Во второй раз я проснулся уже поздно. После выпитого анальгина голова потихоньку успокоилась, и во всем теле было какое-то звенящее отчуждение, как будто бы отчуждалось то, что я должен был себе вернуть и что уже потихонечку просачивалось обратно. И я опять как бы догадывался, что это. Так бывало иногда у меня с сильного похмелья, когда удавалось заглушить головную боль, и тело почему-то казалось накачанным извне каким-то нестерпимым эротизмом, и если желание исполняло свою цель – а не так ли и у Пруста с сонатой Вентейля? – то всегда как-то по-особенному, ярче и острее, и обязательно всем телом. Я посмотрел в двойное зеркало трюмо и… мне показалось, что на меня смотрит угреватое лицо Дока. «Так, сегодня только кефир», – строго приказал я себе, но отражение не менялось! И мне страшно захотелось запустить в это зеркало чем-нибудь тяжелым, как это уже случилось однажды в прихожей моей квартиры. И если бы под рукой оказалось что-нибудь вроде чернильницы… Но на этот раз меня вдруг отвлекли какие-то крики за окном. Мой номер выходил на задний двор гостиницы, и сейчас какие-то китайцы в желтых комбинезонах откровенно ссорились там у разверстой задницы мусоровоза. В просвете между корпусами гостиницы злорадно возвышались все те же шанхайские небоскребы. Со всей несомненностью это был по-прежнему Пудонг.

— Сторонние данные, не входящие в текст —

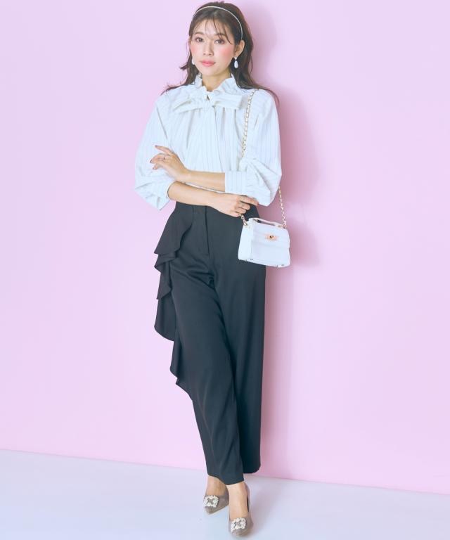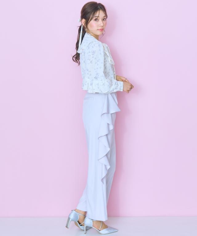 サイドのラッフルデザインが一押しのパンツ ■デザイン ・サイドはラッフルデザインで、前から見てもバランスの良いフリル幅に設定 ・後ろゴムなので着脱楽ちん ・太もも回りもフリルデザインでスッキリみせれるようなデザインにしています。 ■素材 ・さらっとした履き心地の柔らかい素材 ■おすすめのスタイリング ・シンプルなトップス合わせで、ラッフルデザインを効かせたスタイリングがおすすめ

Птицы, реющие в открытом небе, зарево лживых истин, попирание праха, насквозь, да, насквозь, вниз, к ветрам морей, на крыльях, в оперении неизвестности, не зная как и зачем, о, Великий Предел, о, моя мистическая сестра, дон Хренаро, прости меня… да… «я высшей силой, полнотой всезнанья и первою любовью сотворен»… а Док… ха-ха-ха, а ты, Док, что, думал, что это я полетел в Шанхай, пляшущие человечки, достигающие другого берега, которого никогда и не было, прав, прав, и еще тысячу раз прав, конечно же, только Рембо, и дело совсем не в реальности, а в том, чтобы сотворить себе деформированную душу, ибо это так или иначе есть вопрос о форме, ибо даже Бог как высшая из форм – должен претерпеть некую катастрофу, чтобы явиться нам в виде Троицы, то есть все того же ансамбля отношений, ибо и я знаю, зачем ты послал меня в этот дурацкий Шанхай, зачем ты стал мною, чтобы я смог стать доном Хренаро, даже если это и называется…
Какой-то бред, как на полных парусах несся, как ветер через мой мозг. И вдруг – эта странная ясность, зазвеневшая, как будто желание и его эротизм уже обращались к каким-то идеальным целям, как Ребис, как Андрогин, и еще та недостижимая страна, которая, как я знал, навсегда останется в детстве…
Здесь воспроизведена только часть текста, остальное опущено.